While simple, this gives you an interpretable, production-friendly metric that appears directly in Langfuse traces.
Hallucination Risk Estimation
Hallucination risk is implemented in evaluate_hallucination_risk() and estimates how much of the answer is unsupported by the retrieved documents.
@observe(name="evaluate_hallucination")
def evaluate_hallucination_risk(retrieved_docs: List[Dict], answer: str) -> float:
all_doc_words = set()
for doc in retrieved_docs:
all_doc_words |= set(doc["content"].lower().split())
answer_words = set(answer.lower().split())

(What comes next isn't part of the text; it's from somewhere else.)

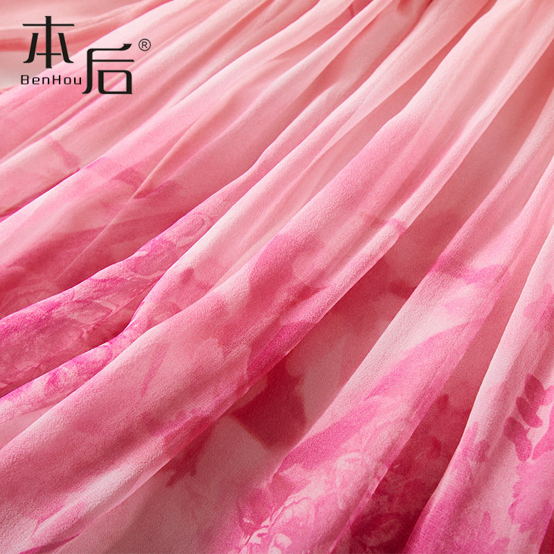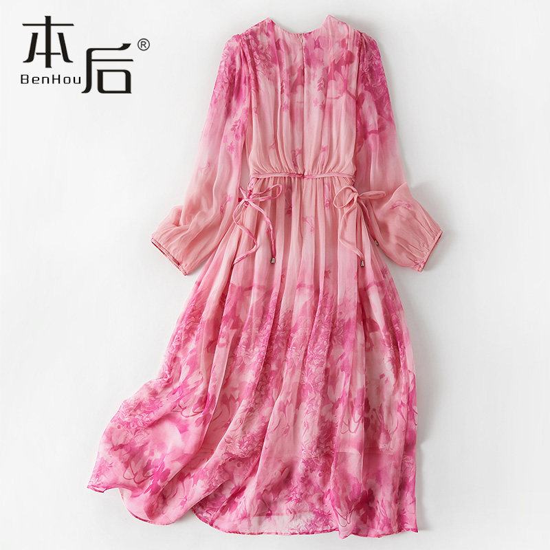 【清仓】86032 真丝连衣裙夏女桑蚕丝OL气质高腰显瘦沙滩长裙

grounding_ratio = len(answer_words & all_doc_words) / max(len(answer_words), 1)
hallucination_risk = 1.0 - grounding_ratio
Interpretation:
- If every important token in the answer appears in the retrieved context, the hallucination risk is low.
- If the answer relies heavily on tokens not present in any source document, the hallucination risk is high.
Langfuse logs this as:
langfuse_context.score_current_observation(
name="hallucination_risk",
value=hallucination_risk,
comment="Ungrounded token ratio"
)
This trace node helps you immediately visualize how close an answer is to going “off the rails.”
Overall Quality Metric
Your master scoring function evaluate_rag_output() combines the 2 metrics:
overall_quality = (relevancy_score + (1.0 - hallucination_risk)) / 2.0
This means:
- high relevancy and low hallucination risk indicate high quality
- low relevancy and high hallucination risk indicate low quality
config.yaml defines the minimum acceptable score:
evaluation: min_quality_score: 0.6
Then:
passed = overall_quality >= min_quality
This allows your downstream systems to treat RAG evaluation like a gatekeeper:
passed=True: show the answer to the user, store it, or send it downstreampassed=False: trigger fallback mode, self-reflection, or agentic repair workflows
All 3 metrics (relevancy, hallucination_risk, and overall_quality) are scored and attached to the current Langfuse span.
How Langfuse Displays Evaluation and Scoring Nodes
The evaluation subsystem produces one of the most informative trace segments in Langfuse. A typical structure:
rag_pipeline
├── retrieve_documents
├── llm_completion
└── evaluate_rag_output
├── relevancy (score)
├── hallucination_risk (score)
├── overall_quality (score)
Each node includes:
Inputs
- user query
- document count
- answer length
Outputs
- numeric scores
- pass-or-fail status
- evaluation metadata
Visual Benefits Inside Langfuse
- Color-coded score nodes help you spot failing RAG runs instantly.
- Timeline alignment shows you evaluation overhead and where bottlenecks appear.
- Nested spans reveal exactly which part of the pipeline caused a failure.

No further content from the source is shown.